**Task goal**
Your reply should consist only of the lines from the one holding "Gli interni si" to the last line of the data below, written out exactly and without pictures.

**Raw data**
+-------+
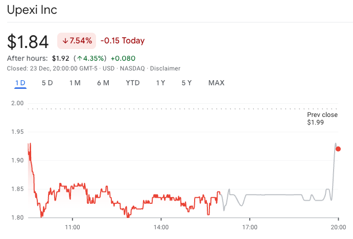 Во вторник акции Upexi (UPXI) закрылись с падением на 7,54% до $1,84. Однако после закрытия торгов наблюдалось небольшое восстановление: цена выросла на 4,34% до $1,92.
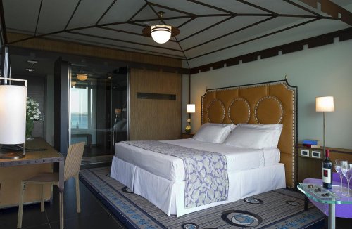 Gli interni si distinguono per il design essenziale e la funzionalità dei servizi; l'offerta ricettiva comprende 98 camere, tra cui quella espressamente costruita per il presidente Obama, un ottimo Ristorante, un'area Bar, la splendida piscina all'aperto, l'attrezzato Centro Congressi, e l'esclusiva SPA con trattamento di Talassoterapia.
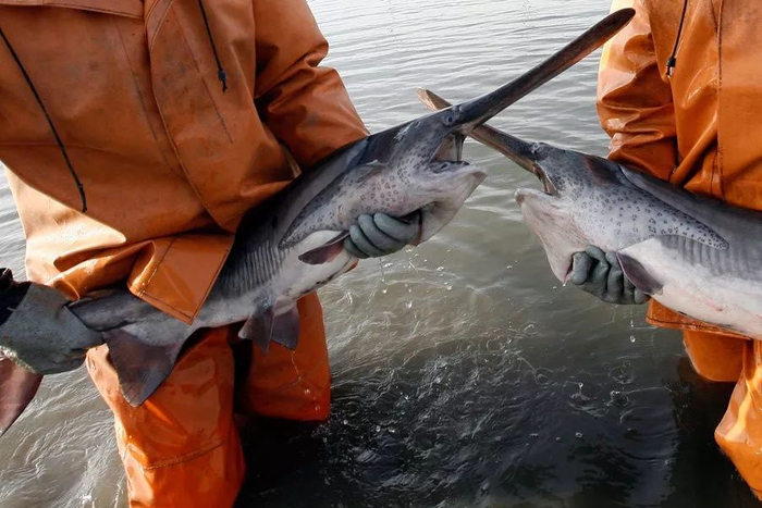 白鲟分布极为狭窄,和生活在密西西比河的匙吻鲟,是仅存的两种匙吻鲟科鱼类。
+-------+
**Finished exercise**
 Gli interni si distinguono per il design essenziale e la funzionalità dei servizi; l'offerta ricettiva comprende 98 camere, tra cui quella espressamente costruita per il presidente Obama, un ottimo Ristorante, un'area Bar, la splendida piscina all'aperto, l'attrezzato Centro Congressi, e l'esclusiva SPA con trattamento di Talassoterapia.
 白鲟分布极为狭窄,和生活在密西西比河的匙吻鲟,是仅存的两种匙吻鲟科鱼类。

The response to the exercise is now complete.